30) How does the guy who drives the snowplow get to work in the mornings? 31) How fast do you have to go to
keep up with the sun so you're nerver in darkness? 32) How is it possible to have a civil war? 33) If
a mute child swears, does his mother make him wash his hands with soap? 34) If a synchronized swimmer drowns, does
her partner also have to drown? 35) If a turtle doesn't have a shell, is he homeless or naked? 36) If
a woman can be a meter maid, can a man be a meter butler? 37) If all the world is a stage, where is the audience
sitting? 38) If all those psychics know the winning lottery numbers, why are they all still working? 39)
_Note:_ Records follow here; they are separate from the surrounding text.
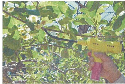
使用花粉量の削減に有効な充電式花粉交配器による受粉
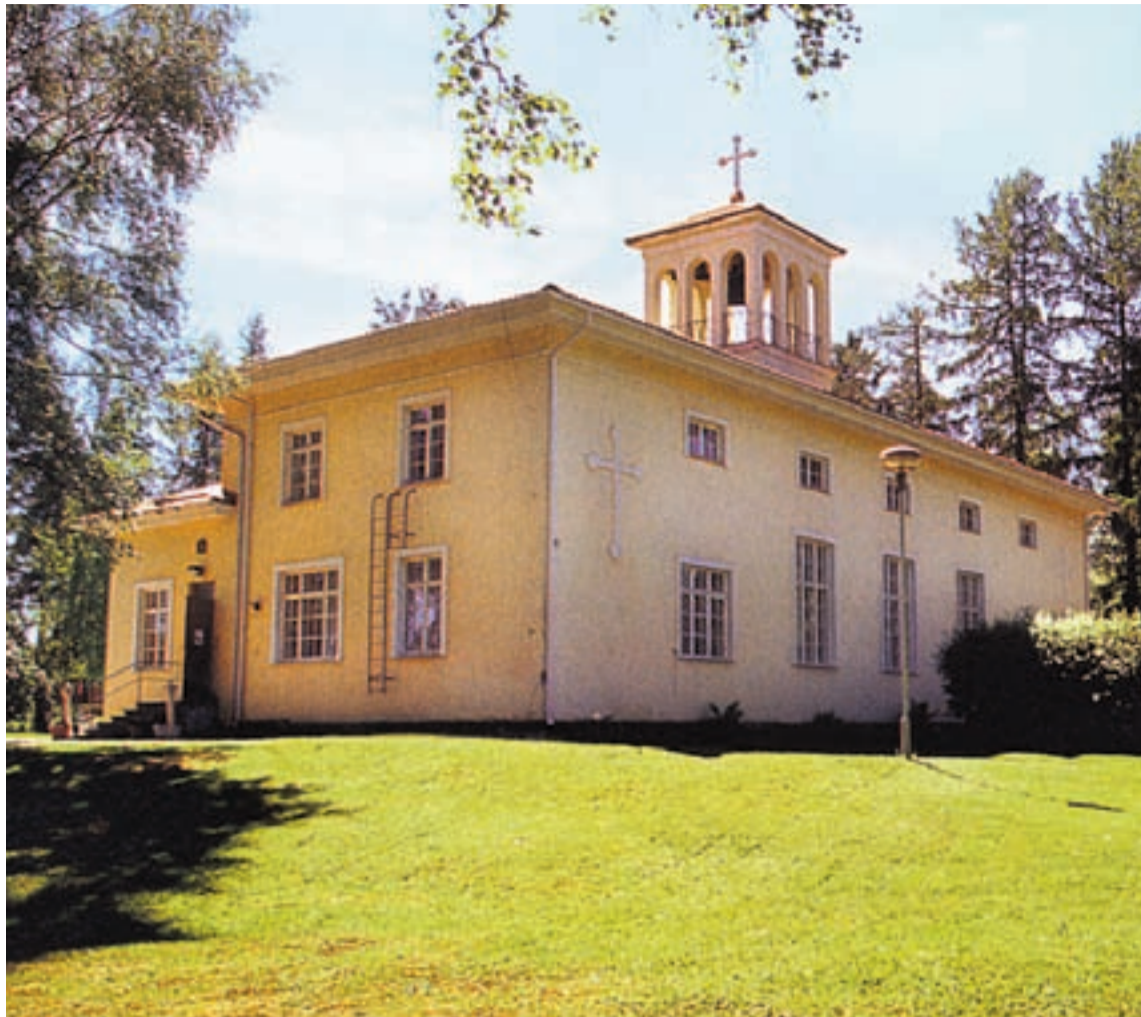
Kiuruveden pyhän Nikolaoksen kirkko on ollut vuosikymmenten ajan paikallisen tiistaiseuran hengellinen koti ja kokoontumispaikka.
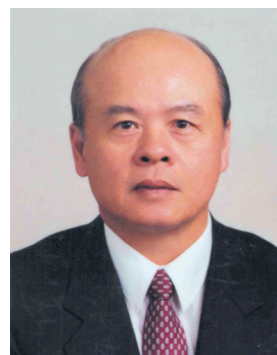
保訓會 鄭吉男 常務副主任委員
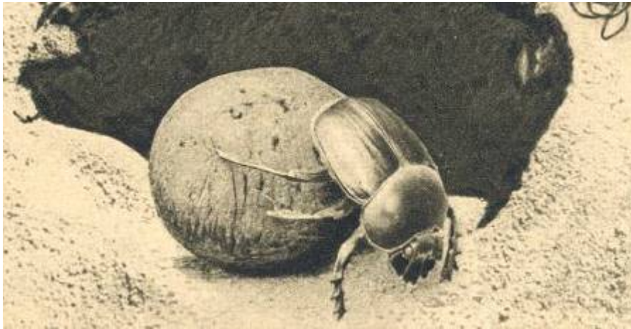
Le Scarabée sacré progresse à reculons avec sa boule

Les insectes sont des arthropodes (animaux à pattes articulées) à six pattes. Les arthropodes qui ont plus de six pattes, comme le scorpion ou les araignées, ne sont pas des insectes
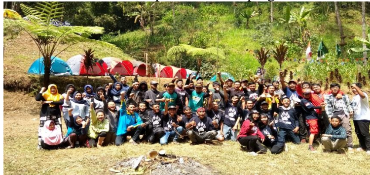
Peserta Camping Ground (Pemuda Kayukebek, Panthera Camp dan IPNU Kayukebek)

If an orange is orange, why isn't a lime called a green or a lemon called a yellow? - or should I have a bunch of purples?
40) If Fed Ex and UPS were to merge, would they call it Fed UP? 41) If God dropped acid, would he see people?
42) If a parsley farmer is sued, can they garnish his wages? 43) How many people thought of the Post-It
note before it was invented but just didn't have anything to jot it down on? 44) How much deeper would the ocean
be if sponges didn't grow in it? 45) If 7-11 is open 24 hours a day, 365 days a year, why are there locks on the
doors? 46) If 75% of all accidents happen within 5 miles of home, why not move 10 miles away? 47) If a
bus station is where a bus stops, and a train station is where a train stops, why do I have a work station on my desk?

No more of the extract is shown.